* Euro returns to $1.3550 support level
* Eonia rates rise above ECB refinancing rate on Friday
* Australian dollar helped by China data
By Laurence Fletcher
LONDON, Jan 20 (Reuters) - The euro recovered slightly from a two-month low against the dollar on Monday, helped by higher short-term market interest rates, although speculation the European Central Bank may step in limited its gains.
After breaking through support at $1.3550 on Friday, the euro fell in Asian trading on Monday, touching its lowest since Nov. 25 at $1.35080. It later recovered some ground, and was 0.1 percent higher, back at the support level of $1.3550 in London trading.
The single currency has weakened this month as year-end factors such as euro zone banks repatriating assets fade, with speculation the ECB will act to loosen liquidity meaning that even a rise in overnight borrowing rates has failed to lift it.
“We think that (the) key driver of the recent euro underperformance is growing market expectations of ECB action to address the tightening money market conditions,” said Citi strategist Valentin Marinov.
Eonia, the euro zone overnight bank-to-bank lending rate, rose above 0.30 percent on Friday, more than the headline 0.25 percent rate that banks pay when they borrow at the ECB’s still unrestricted lending operations.
After the central bank’s January policy meeting, ECB President Mario Draghi said an “unwarranted” rise in the bank-to-bank lending rates that underpin euro zone borrowing costs would be one of the triggers for another rate cut or more drastic action.
One trader said the euro’s rise may squeeze out some short-sellers but that the single currency could then head lower again, potentially entering a technical downtrend.
Bullish sentiment towards the euro has moderated, with investors betting on a lower euro adding to their positions for four consecutive weeks, according to a report from Scotiabank.
“The market has been focusing on broad dollar strength against everything except the euro ... The euro was playing catch-up,” said Chris Turner, head of FX strategy at ING, referring to the euro’s overnight weakness.
Turner said he expects the euro to fall to $1.33 this week and to $1.20 by the end of the year against a strengthening dollar as the Federal Reserve cuts back its huge bond-buying programme and as euro zone residents begin to invest abroad.
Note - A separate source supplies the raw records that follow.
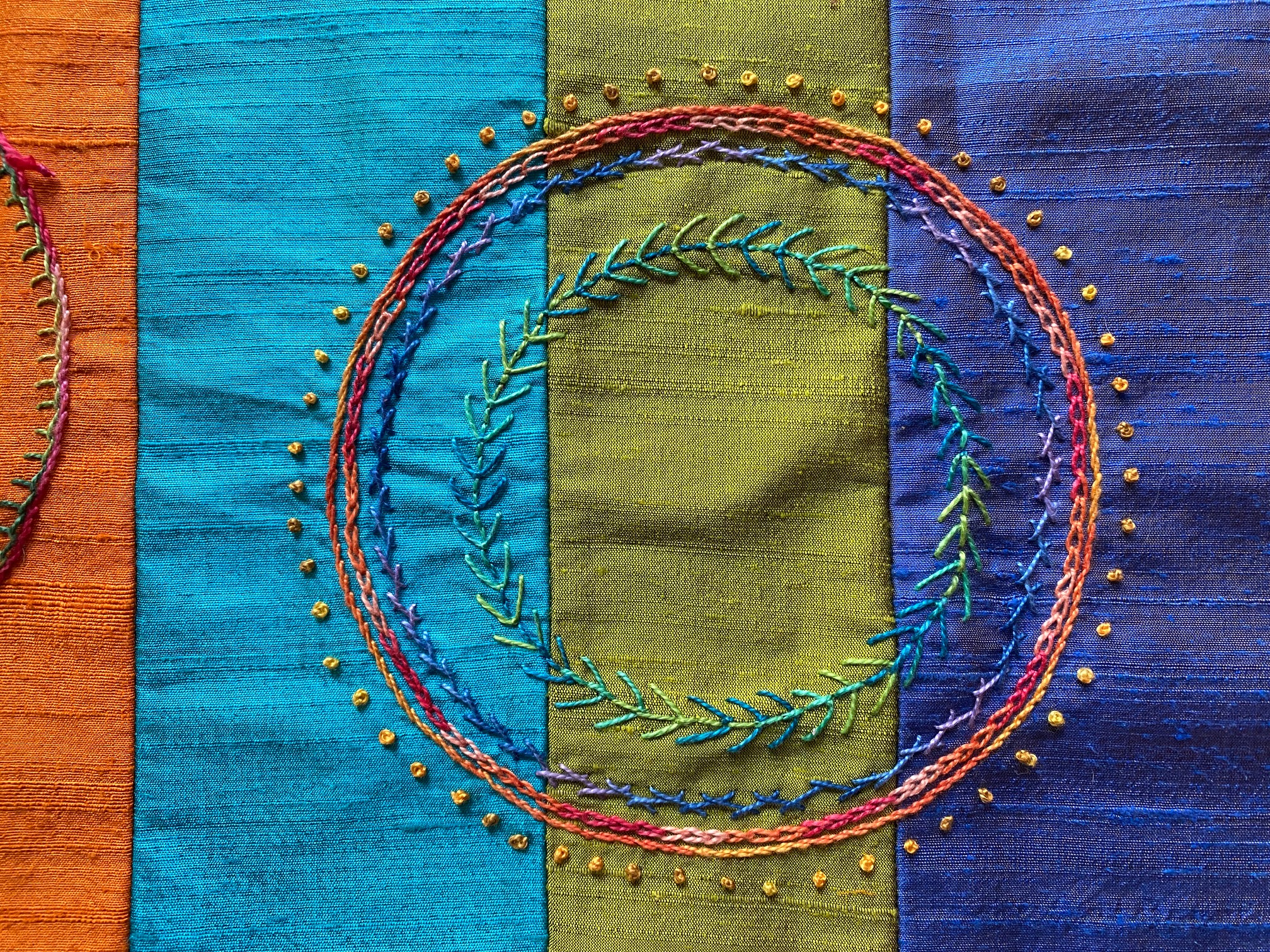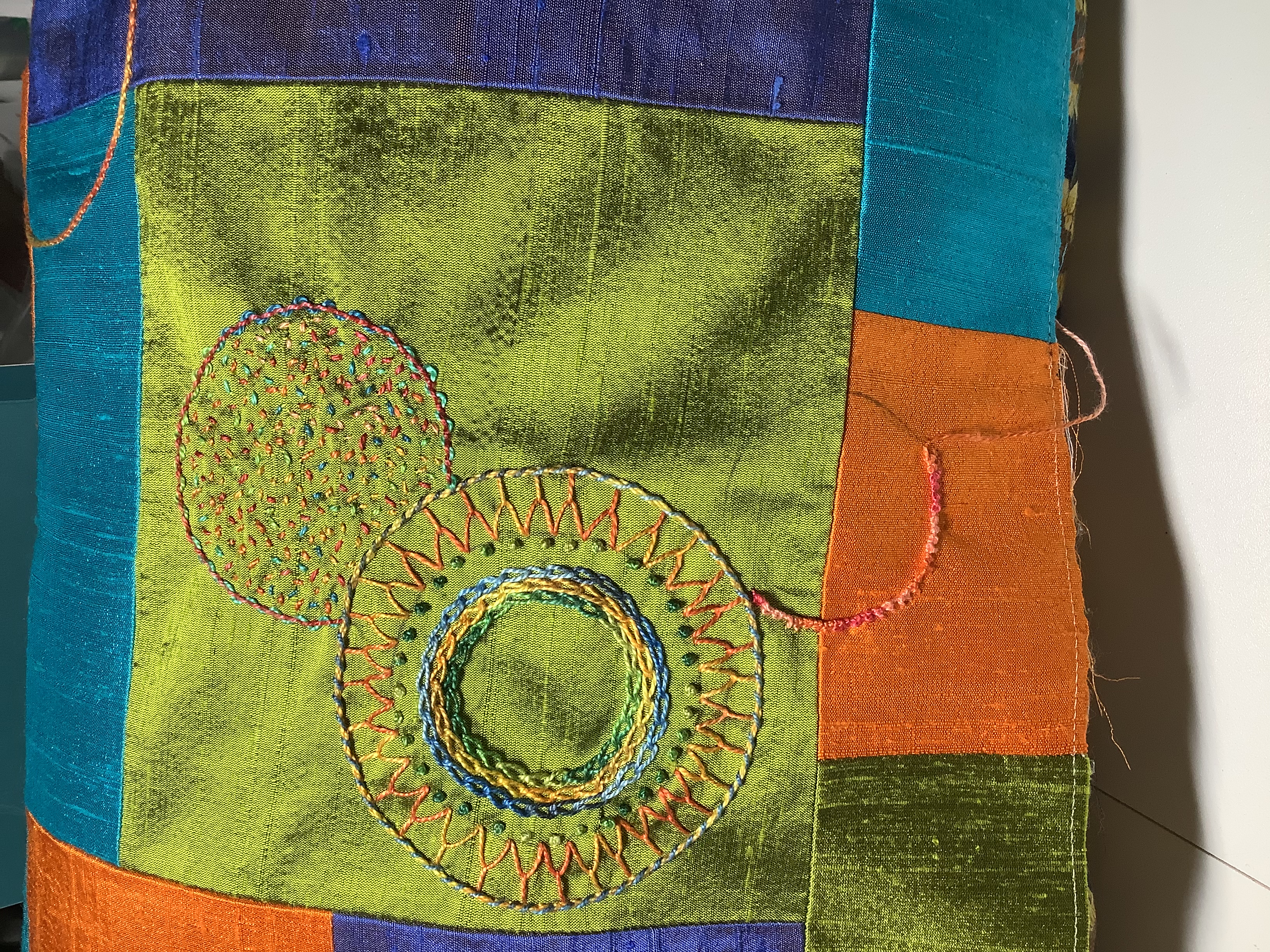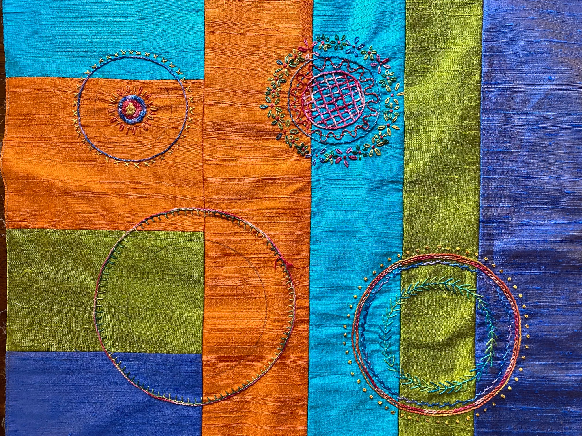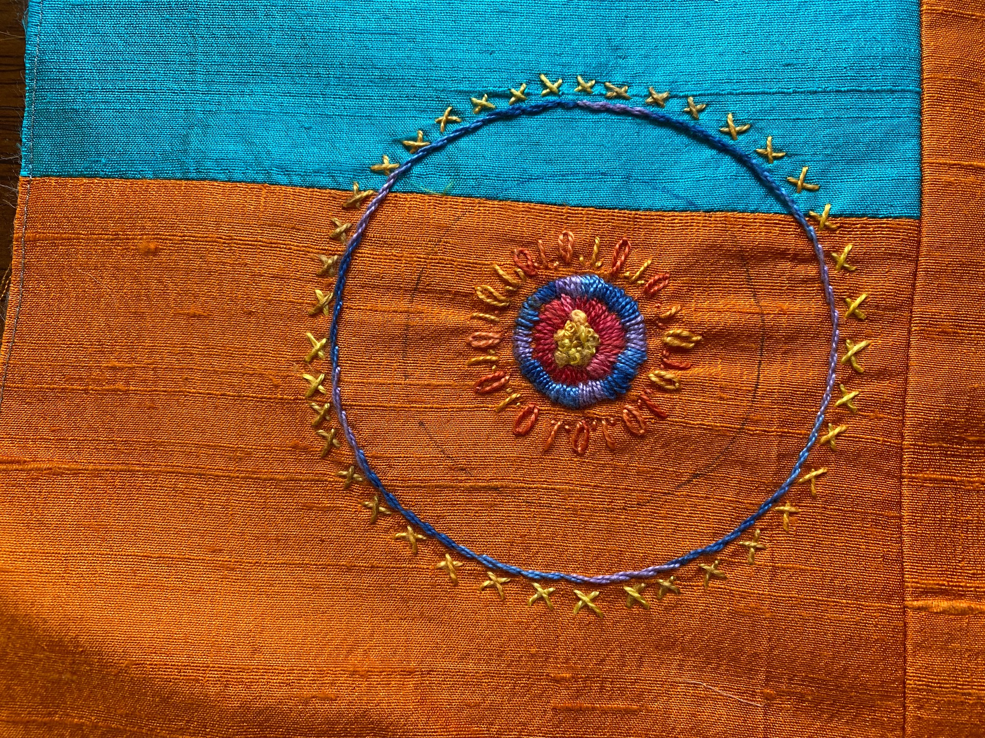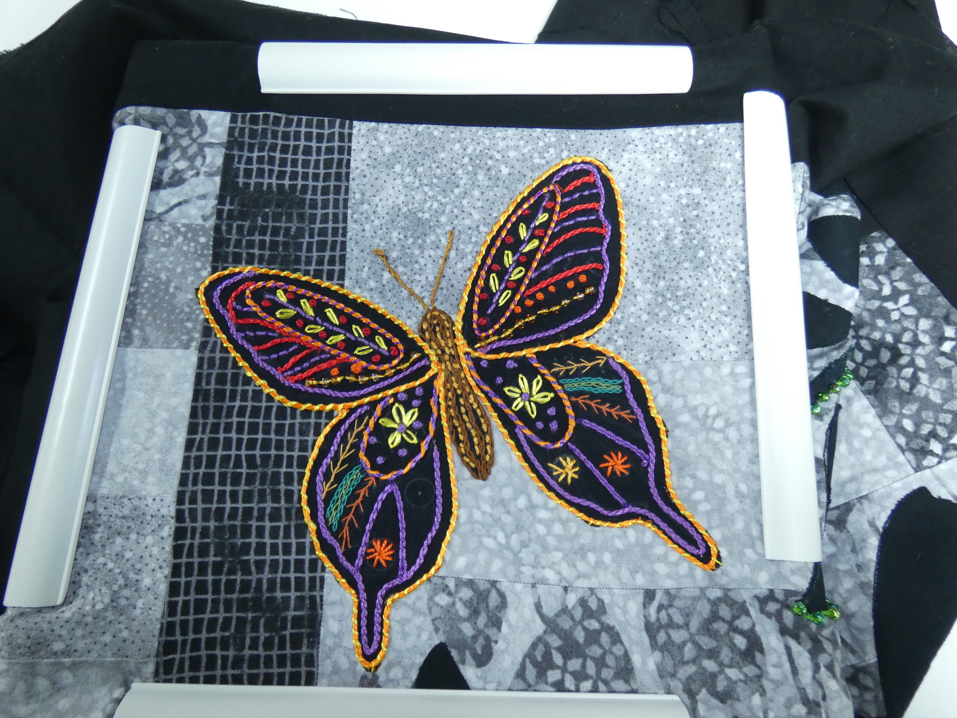 I am really enjoying this project! I went digging in my old cross stitch and embroidery supplies and got really excited to be stitching again. I had some perle cotton and bought some (okay- a lot more!). I found a fat quarter of black woven fabric in my Stacy and decided to use that. This is what I have so far.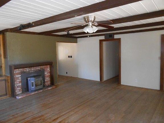 HUD Home. 3 bedroom, 2 bath house has tons of potential. Rooms are nice and large, lot is absolutely huge. There is a matching single room outbuilding in the backyard. Kitchen is modernized with granite counters, stainless and black appliances, tile floors and a beautiful built-in hutch. Living room is oversized with open beam ceiling and wood burning stove. Bonus room next to the garage.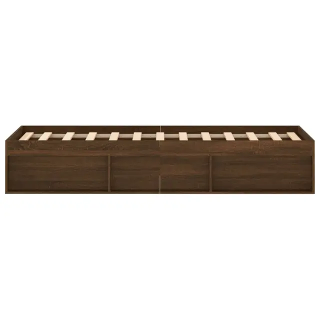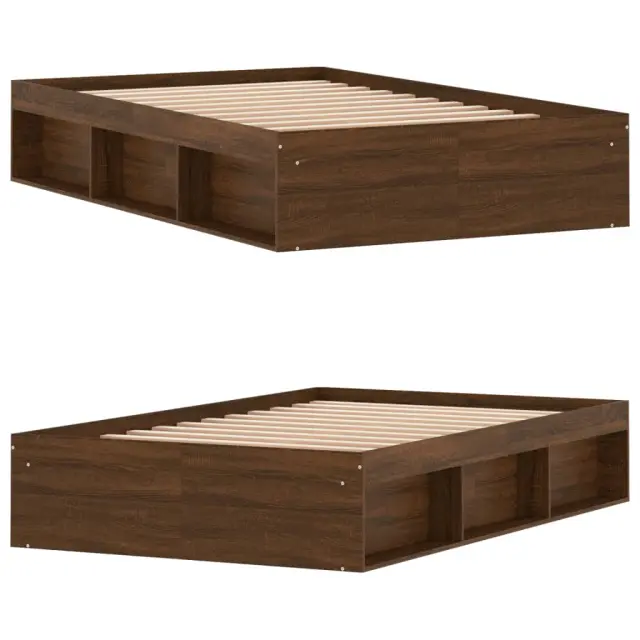 Ustvarite moderno spalnico s tem posteljnim okvirjem! To bo praktičen in okrasen dodatek za vaše notranje prostore. Vzdržljiv material: Inženirski les se ponaša z izjemno kakovostjo, gladko površino ter močjo, stabilnostjo in odpornostjo na vlago.Letvice iz vezanega lesa: Letvice iz vezanega lesa omogočajo dobro porazdelitev teže in zagotavljajo, da vzmetnica ostane na mestu ob vsakem zasuku in obračanju med spanjem.Dodaten prostor za shranjevanje: Postelja za goste ima skupno 6 predelkov na obeh straneh postelje za shranjevanje stvari, kot so knjige, lončnice in drugi okraski. Dobro je vedeti:Vzmetnica ni priložena tej postelji. Ponujamo različno izbiro ležišč. V naši trgovini si lahko ogledate ustrezne vzmetnice.Barva: Rjav hrastMaterial posteljnega okvirja: Inženirski les, trdna borovinaMaterial letvic: Vezan lesCelotne dimenzije: 193 x 123 x 35 cm (D x Š x V)Primerna velikost vzmetnice (vzmetnica ni vključena): 120 x 190 cm (Š x D) (4FT Small Double)Potrebno sestavljanje: Da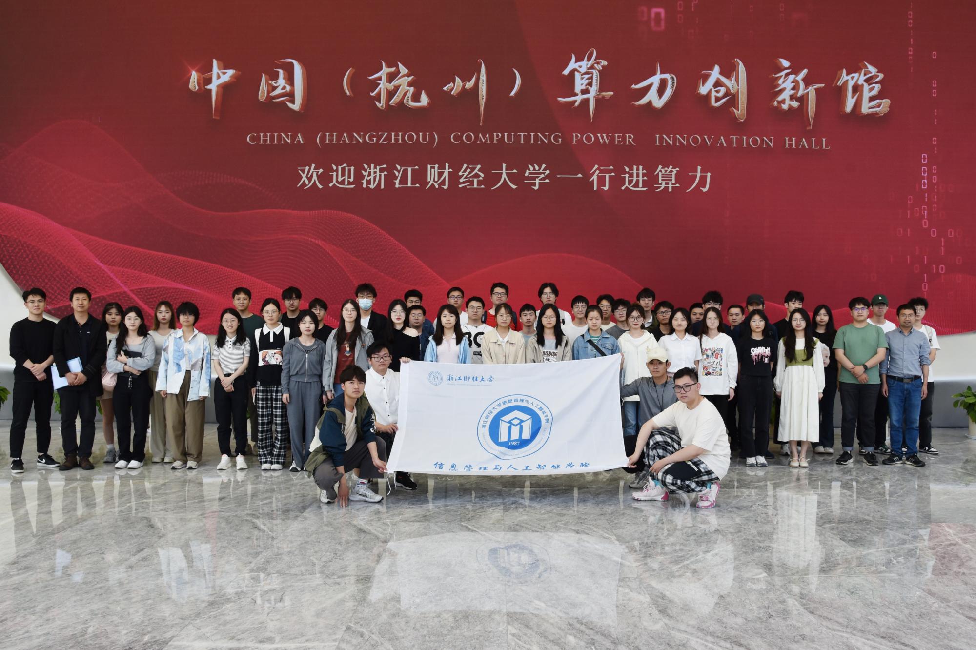 师生一行首先来到中国(杭州)算力创新馆,听取工作人员关于算力发展、算力应用、算力赋能产业以及算力产业链等介绍,并了解了算力小镇的现状与发展规划、算力小镇目前入驻企业以及算力产业的发展现状。

Investors were left looking for direction, with little economic data due out of Europe, other than German December producer prices that were slightly above forecast. U.S. markets are closed on Monday for Martin Luther King day.
The dollar index was 0.1 percent lower at 81.11 and the greenback was 0.2 percent down against the yen at 104.1 yen after U.S. Treasury yields fell on Friday.
The Australian dollar got some relief after China’s annual economic growth in the final quarter of 2013 came in at 7.7 percent, down from 7.8 percent in the previous three months but slightly ahead of market expectations for growth of 7.6 percent.
“It’s not a particularly good number but there wasn’t any drop to levels below the 7.5 percent threshold,” said Satoshi Okagawa, senior global markets analyst for Sumitomo Mitsui Banking Corporation.
While the data might have spurred some short-covering in the Australian dollar, the impetus is unlikely to be strong enough to prompt traders to go long the currency, he added.
The Aussie gained 0.4 percent at $0.8812 after earlier falling to $0.8756, its lowest level in about 3 1/2 years, in the wake of weak jobs data last week.
Traders said the 87 U.S. cent area should provide good support, as it did in 2010, although a break could see it test $0.8600 in a hurry.
Kathleen Brooks, research director at Forex.com, pointed to rising inter-bank lending rates in China, a major export market for Australia.
“If we see another spike in rates as we lead up to Chinese New Year on Jan. 31, if this relationship holds, we may see (Chinese) stocks take another dip lower, which could weigh on the Aussie,” she said.